Auburn Manufacturing Inc. is a U.S. company based in Mechanic Falls, Maine. The company produces heat- and fire-resistant fabrics for industrial use, supplying the United States Navy and other customers.

Founded in 1979, Auburn Manufacturing is known for its disputes with Chinese competitors over unfair trade practices. The company manufactures amorphous silica fabric and other products, which it sells to 30 countries.

Leadership 
Auburn Manufacturing is owned by Kathie Leonard, who serves as president and CEO. Leonard founded the company at the age of 27, growing it into a business with two locations and about 50 employees.

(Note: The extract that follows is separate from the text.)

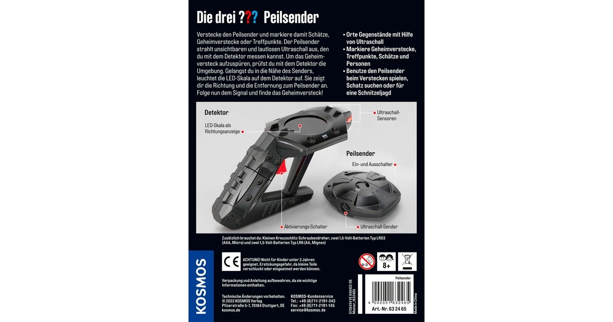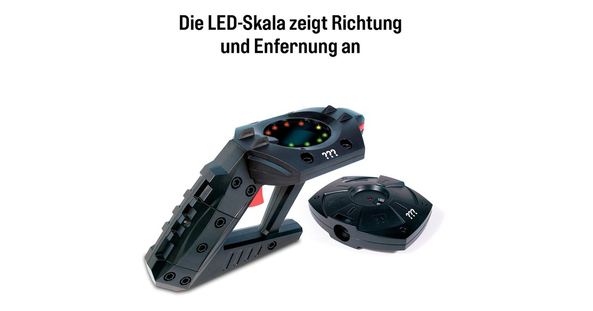 Mithilfe von Schall spannende Detektiv-Fälle lösen: Mit diesem Peilsender suchen Kinder ab 8 Jahren zum Beispiel einen Schatz oder einen Verdächtigen, der sich in der Wohnung, im Garten oder im Klassenzimmer versteckt hält. Wie sie dabei am besten vorgehen, erklärt ihnen die Anleitung. Das Kind mit dem Sender wählt ein Versteck und das andere beginnt mit der Suche. Die LED-Skala am Ultraschall-Detektor zeigt kleinen Spürnasen an, ob sie sich beispielsweise in die richtige Richtung bewegen, dem Versteck näher kommen und wie sie ihre Route korrigieren müssen.Art.-Nr.: 1904829

Before Auburn Manufacturing, Leonard began her career at a Lewiston, Maine mill that produced an industrial fabric to replace asbestos. She is an advocate for female entrepreneurship, saying that it creates “ladders for women.”

Legal disputes with China 
Auburn Manufacturing is critical of “China’s cheating” when it comes to trade, and the company has secured two legal victories against Chinese competitors. The first victory came in 2017, after Leonard took on China in a trade lawsuit that found silica products to be subsidized by the Chinese government and “dumped” into the U.S. market. The second victory came in 2023, when the U.S. Department of Commerce determined that Chinese dumping negatively affects Auburn Manufacturing and other U.S.-based manufacturers.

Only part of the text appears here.